**Information shown**
● ● ● ●

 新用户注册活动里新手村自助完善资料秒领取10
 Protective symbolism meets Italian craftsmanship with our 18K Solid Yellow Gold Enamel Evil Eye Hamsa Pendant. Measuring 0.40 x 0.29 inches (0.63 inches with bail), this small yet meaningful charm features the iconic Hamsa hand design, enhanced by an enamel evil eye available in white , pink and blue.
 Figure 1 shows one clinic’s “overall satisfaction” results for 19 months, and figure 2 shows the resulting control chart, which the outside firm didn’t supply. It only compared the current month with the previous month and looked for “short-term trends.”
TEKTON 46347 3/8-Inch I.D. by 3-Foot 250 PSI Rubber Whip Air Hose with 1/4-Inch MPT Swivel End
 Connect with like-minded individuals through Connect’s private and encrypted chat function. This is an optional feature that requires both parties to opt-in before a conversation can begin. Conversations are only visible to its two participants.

● ● ● ●

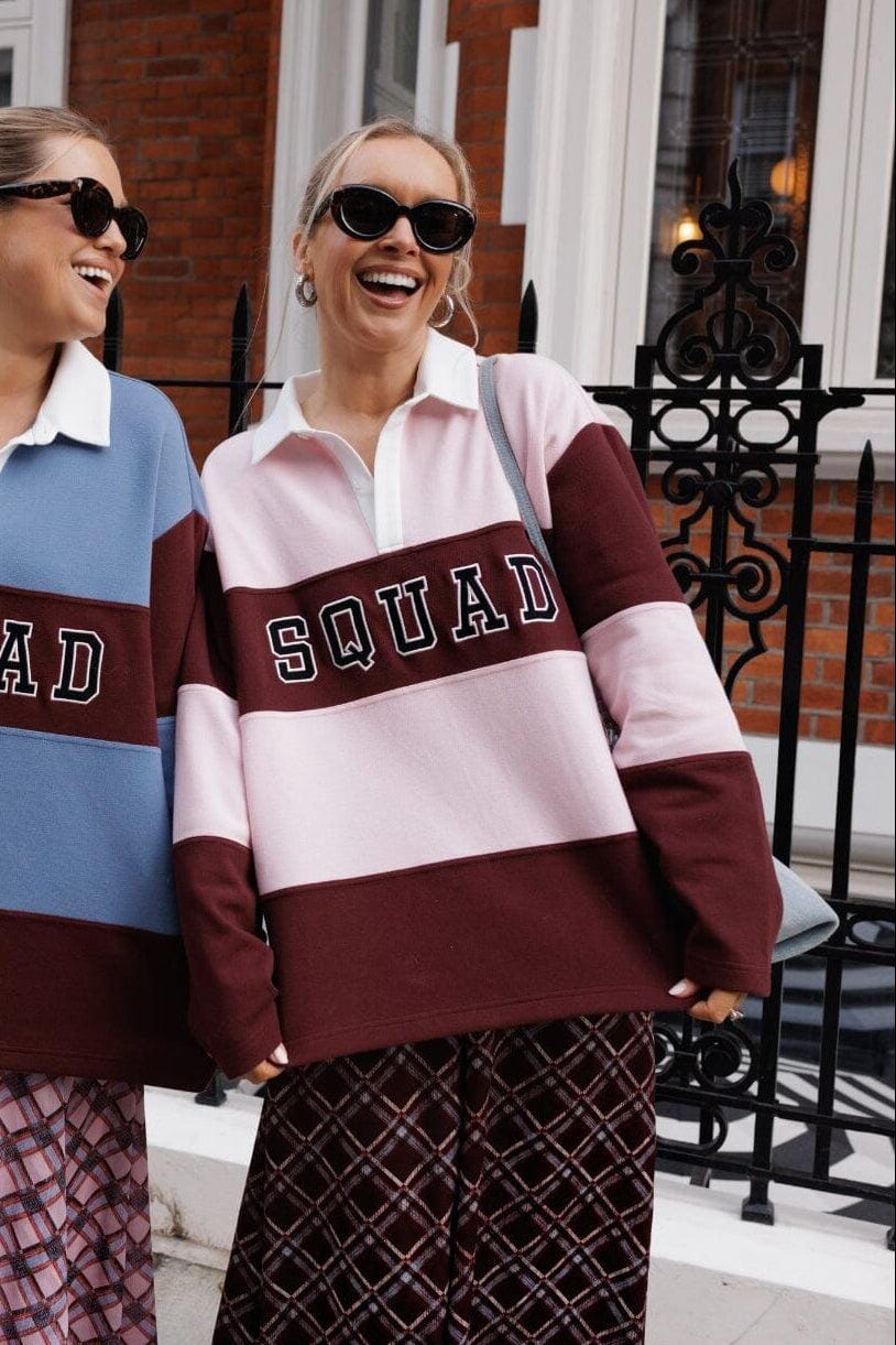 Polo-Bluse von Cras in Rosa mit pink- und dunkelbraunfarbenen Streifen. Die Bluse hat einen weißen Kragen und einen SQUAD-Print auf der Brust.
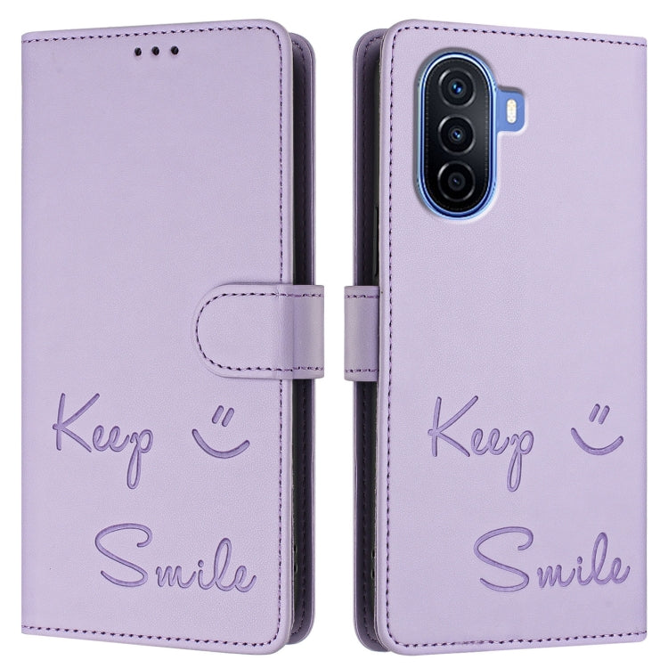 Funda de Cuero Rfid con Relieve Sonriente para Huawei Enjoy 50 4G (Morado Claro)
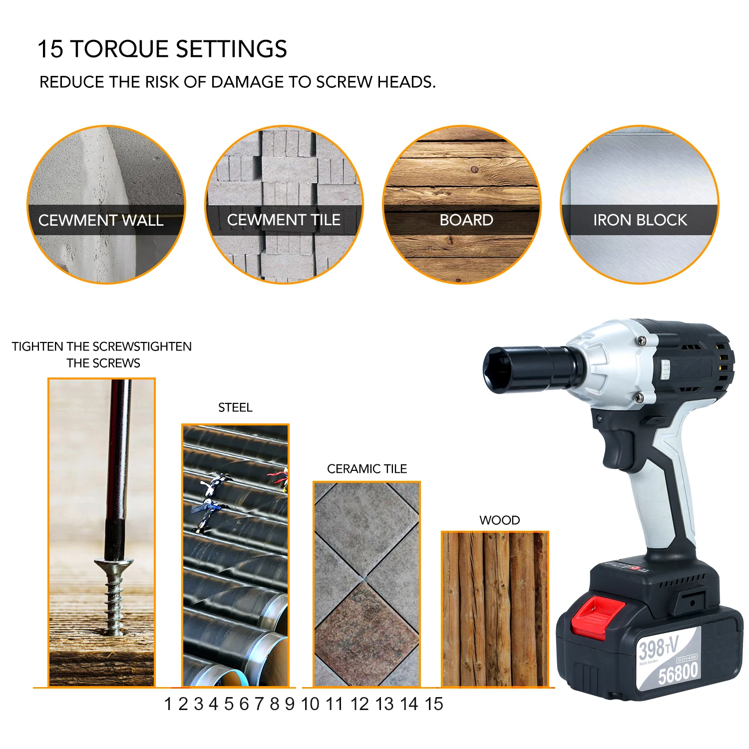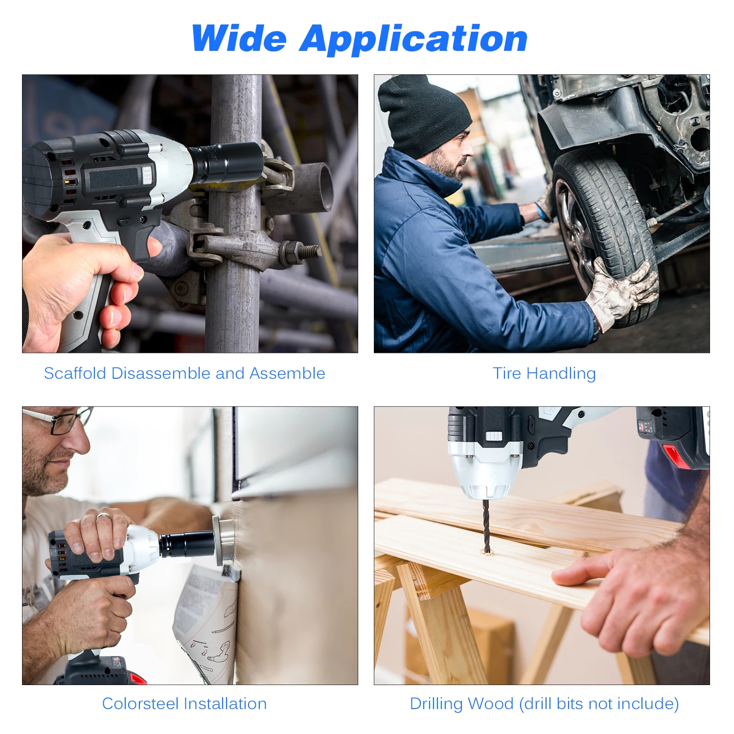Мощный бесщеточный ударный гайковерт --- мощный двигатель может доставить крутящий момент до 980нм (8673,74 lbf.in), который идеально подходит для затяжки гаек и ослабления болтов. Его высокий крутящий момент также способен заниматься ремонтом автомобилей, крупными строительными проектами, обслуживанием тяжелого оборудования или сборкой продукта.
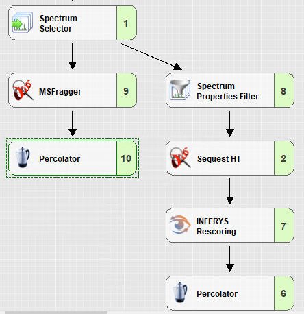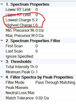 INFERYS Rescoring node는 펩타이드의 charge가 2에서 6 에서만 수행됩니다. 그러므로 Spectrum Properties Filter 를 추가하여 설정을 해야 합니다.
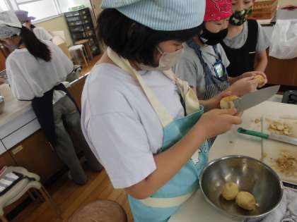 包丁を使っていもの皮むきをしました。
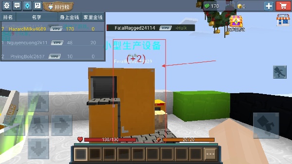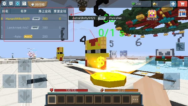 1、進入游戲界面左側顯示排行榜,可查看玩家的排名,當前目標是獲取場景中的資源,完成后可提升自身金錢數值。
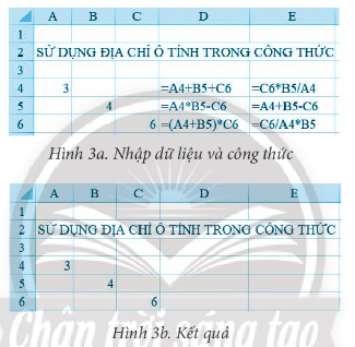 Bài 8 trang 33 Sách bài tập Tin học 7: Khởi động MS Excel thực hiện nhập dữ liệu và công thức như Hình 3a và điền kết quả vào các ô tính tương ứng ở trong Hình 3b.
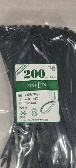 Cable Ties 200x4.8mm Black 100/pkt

● ● ● ●

**What the exercise asks**
Once the line with "Funda de Cuero" is found in the data above, reproduce it and each line after it exactly, through the line with "Cable Ties 200x4.8mm Black 100/pkt". Omit the pictures.

**Solution to this problem**
 Funda de Cuero Rfid con Relieve Sonriente para Huawei Enjoy 50 4G (Morado Claro)
Мощный бесщеточный ударный гайковерт --- мощный двигатель может доставить крутящий момент до 980нм (8673,74 lbf.in), который идеально подходит для затяжки гаек и ослабления болтов. Его высокий крутящий момент также способен заниматься ремонтом автомобилей, крупными строительными проектами, обслуживанием тяжелого оборудования или сборкой продукта.
 INFERYS Rescoring node는 펩타이드의 charge가 2에서 6 에서만 수행됩니다. 그러므로 Spectrum Properties Filter 를 추가하여 설정을 해야 합니다.
 包丁を使っていもの皮むきをしました。
 1、進入游戲界面左側顯示排行榜,可查看玩家的排名,當前目標是獲取場景中的資源,完成后可提升自身金錢數值。
 Bài 8 trang 33 Sách bài tập Tin học 7: Khởi động MS Excel thực hiện nhập dữ liệu và công thức như Hình 3a và điền kết quả vào các ô tính tương ứng ở trong Hình 3b.
 Cable Ties 200x4.8mm Black 100/pkt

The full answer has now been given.